Mazepin graduated to F1 this season with the US outfit, serving his apprenticeship in an arguably challenging environment.
In addition to learning the ropes of Grand Prix racing like any young rookie promoted to the big time, the 22-year-old is also getting acquainted with the significant step up, compared to F2, in terms of the sport's technical complexity and the knowledge required to properly set up a car.
But Mazepin's struggles have also been compounded by the fact that he is driving a car that is slightly heavier than the chassis supplied to his teammate Mick Schumacher, a disparity that the Russian says has impacted his performance and which should be resolved by Haas in the latter part of the summer.
"I've driven that car only in Monaco, I've been offered it only for one race," Mazepin said. "It's a physically mathematical difference.
"We as drivers are put in a position where we have to fight for every 800 grams or kilo of our weight, sometimes drinking a little bit less water to make sure that you're as light as possible for qualifying.
"Then obviously, if you're losing four kilos in the chassis, it's going to make a big difference in the long straights in every circuit, like at Paul Ricard or Austria, and then we're going to Silverstone.
"It's difficult to say at this moment in time what I expect, because we need to wait and see."

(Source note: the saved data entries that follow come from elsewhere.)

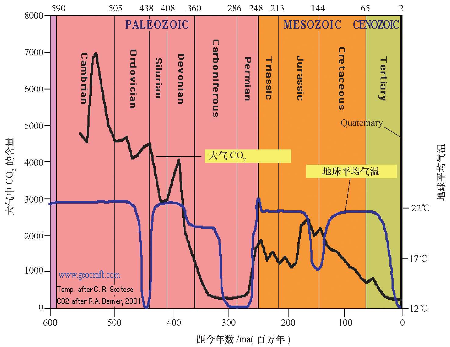 图4.2 地球各历史时期全球气温与CO 2 的关系(Berner,2001)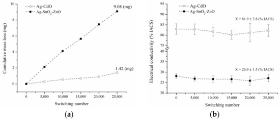 Due to their higher densification and electrical conductivity, sintered samples of composition III were selected to be tested for 25,000 on-off switching operations in a resistive circuit at 220 V AC and 35 A. Composites samples of composition I and II were not tested. A commercial Ag-CdO contact material was submitted to the same test conditions for comparison purposes. The composite Ag-SnO2-ZnO presented a more significant mass loss than the commercial Ag-CdO (Figure 10a), which is mainly due to the low densification reached during the sintering process. It is well known that porosity negatively affects the arc erosion resistance of the materials [56]. Figure 10b shows the electrical conductivity as a function of the on-off switching operations. As seen, there was no appreciable variation in the electrical conductivity for both materials during the electrical contact tests.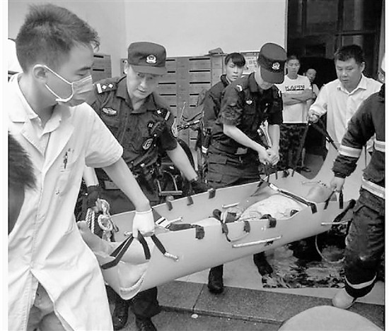 情況危急,消防隊員與PTU隊員合力將受傷男子抬上擔架,由120急救車送往醫院救治。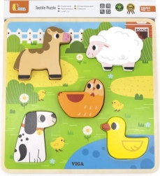 VIGA bruger kvalitetstræ og glatte overflader for sikker leg. De tykke brikker er nemme at holde om, så de er perfekte til små børnehænder. Puslespillet støtter selvstændighed, koncentration og kreativ leg.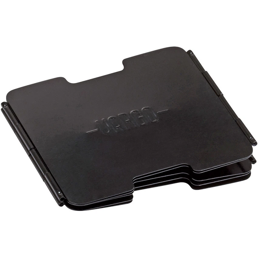 Measures 16 1/2″ x 3 1/4″ expanded. One piece, fold flat design. Cut outs for proper ventilation. Light load pot support capacity. Aluminum construction. Hang packaged. Color: Black.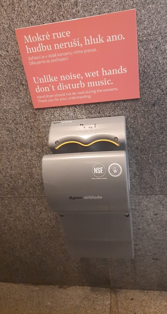 Posledním bodem, na který bych chtěl upozornit, je otázka sušení rukou ve veřejných prostorech. Kovidová krize vyvolala diskuze na téma šíření hygienických problémů vzduchem. Během krize se ozývalo ze všech stran, že není vhodné osazovat pro osušení rukou na hygienických místnostech rozháněče mikroorganizmů teplým vzduchem z těchto sušáků. Vím, že osazení těchto hluk produkujících přístrojů nenavrhují pracovníci ZTI. Příkladem velmi nevhodného použití jsou sušiče na hygienických místnostech v pražském Rudolfinu (obr. 11). Prosím, upozorněte architekta a objednatele, který navrhuje interiéry, na nevhodnost řešení.

But an extra load of weight isn't Mazepin's only issue. The Russian is also struggling due to the characteristics and intricacies of his car's aero package and its impact on his set-up work.
"I think Formula 1, it is such a high-performance environment," he admitted. "I'm just coming to realise that it's a lot more complex than I would have imagined going to beginning of this year in technical side of things."
Addressing the Haas VF-21's main weakness as far as he is concerned, Mazepin highlighted the car's instability on entry to corners, a trait he has never felt comfortable with, even when racing in motorsport's junior categories.
"We try to maximise the performance of the car, which is not very performant," he explained.
"I think as a trend, I'm pretty bad at driving cars that don't have very much entry stability. And that's one thing that Haas this year doesn't have.
"Then we try to find things that the car just doesn't have, and then we get in a place which is quite hopeless.